Items from a dataset:
*** Begin section ***
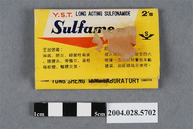 1. 本物件為永生堂長效消炎片之外包裝。外包裝為紙製品。封面為黃色,其上印有永生堂、美國藥典第十六版磺甲氧噠嗪錠、長效消炎片、2片、持續性長效磺胺劑和藥典登字第1331號,以及成分內容和兩人抱在一起的圖片。背面則印有主治效能(淋病、肺炎、細菌性痢疾、腹膜炎等)和用法用量等內容。
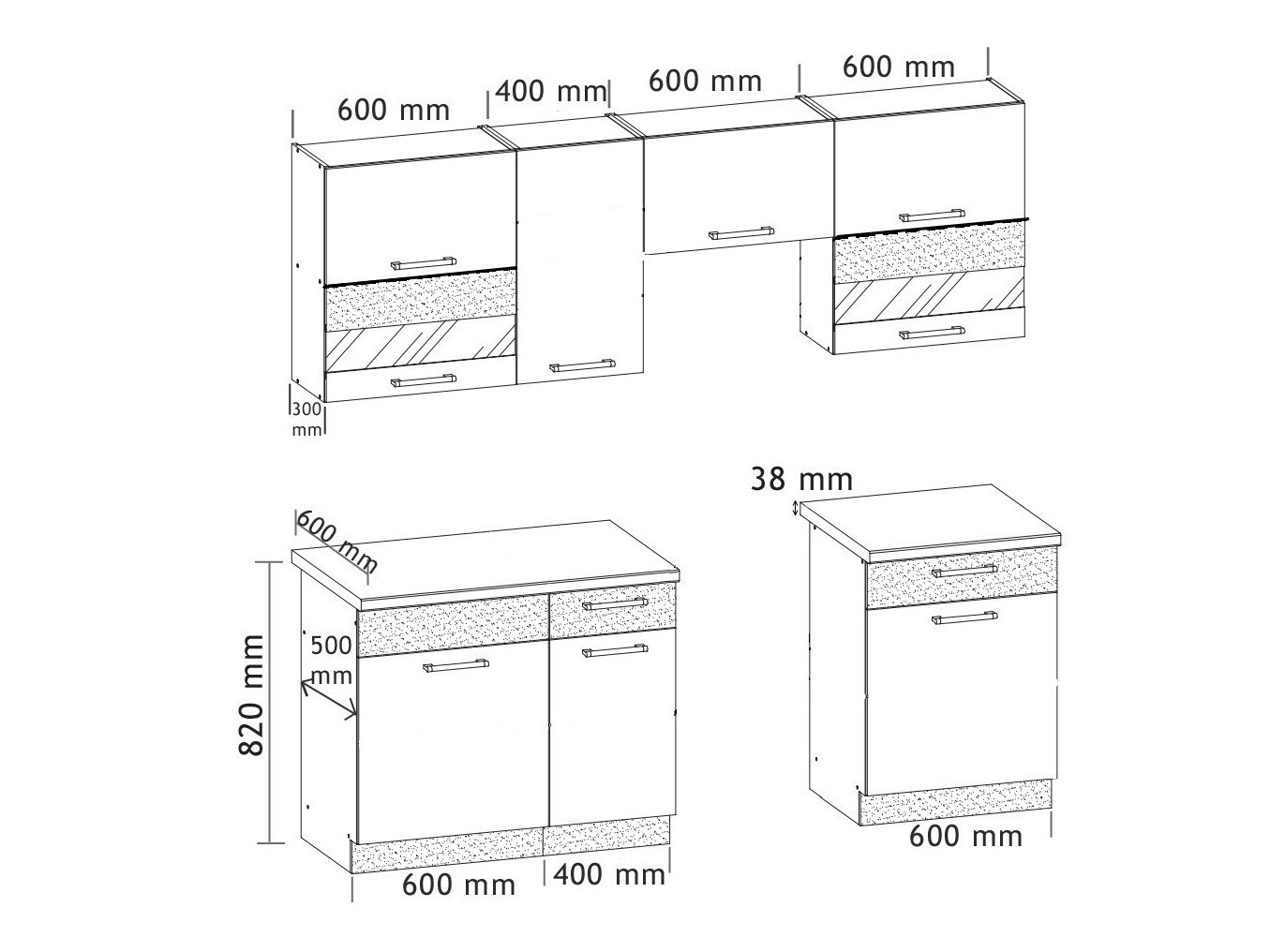 Keukenmeubels kunnen vaak als set worden gekocht, of door het combineren van losse kasten. Bij beide opties bevindt zich achter elk keukenkastje een ruimte voor leidingen langs de muur. Kasten voor inbouwapparatuur en hoekunits hebben een grotere diepte, omdat ze geen openingen voor leidingen hebben. Deze ruimte wordt van bovenaf bedekt door het werkblad. Als de kasten zonder werkblad verkocht worden, moet dit apart worden aangeschaft en gemonteerd. Het aanrechtblad wordt met schroeven vastgezet en wordt geleverd zonder voorgesneden delen voor spoelbakken of kookplaten. Bij aanschaf van een hoekkast is het belangrijk om een werkbladverbinder te kopen om eventuele openingen in de hoek te voorkomen.
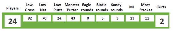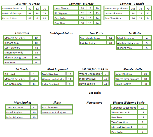 Obviously refreshed after the rains, David Baglivo took home Most Improved whilst Indar recovered his fine with First Par for handicaps >=30. Missing out on First Birdie after his 3rd shot landed directly into the hole from the fairway only to bounce out, Bill Lloyd nevertheless sank the putt for First Sandy having been in the fairway bunker off the tee. Jari Antikainen took home Low Putts and Mark Johnson First Birdie.
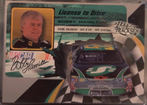 NASCAR (Brand: Press Pass) (Type: Trackside 2002, signature) (Subtype: License to Drive) (Kind of Packaging: One-Touch) (Year: 2002) (Unique Number: NA) (Numbered Card: LD 12/36) (Feature: Bobby Hamilton) (Sleeve: No)
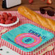 This retro inspired birthday party paper plate features bright blue pool water, a sweet pink doughnut inner tube, and modern typography. This design is a fun choice for any kids pool party... See the collection for coordinating items!
*** End section ***
**What to produce**. What should come back is an exact copy of the lines above from the line with "Obviously refreshed after" to the line with "NASCAR (Brand: Press", both included, minus the pictures.

**Task solution**.
 Obviously refreshed after the rains, David Baglivo took home Most Improved whilst Indar recovered his fine with First Par for handicaps >=30. Missing out on First Birdie after his 3rd shot landed directly into the hole from the fairway only to bounce out, Bill Lloyd nevertheless sank the putt for First Sandy having been in the fairway bunker off the tee. Jari Antikainen took home Low Putts and Mark Johnson First Birdie.
 NASCAR (Brand: Press Pass) (Type: Trackside 2002, signature) (Subtype: License to Drive) (Kind of Packaging: One-Touch) (Year: 2002) (Unique Number: NA) (Numbered Card: LD 12/36) (Feature: Bobby Hamilton) (Sleeve: No)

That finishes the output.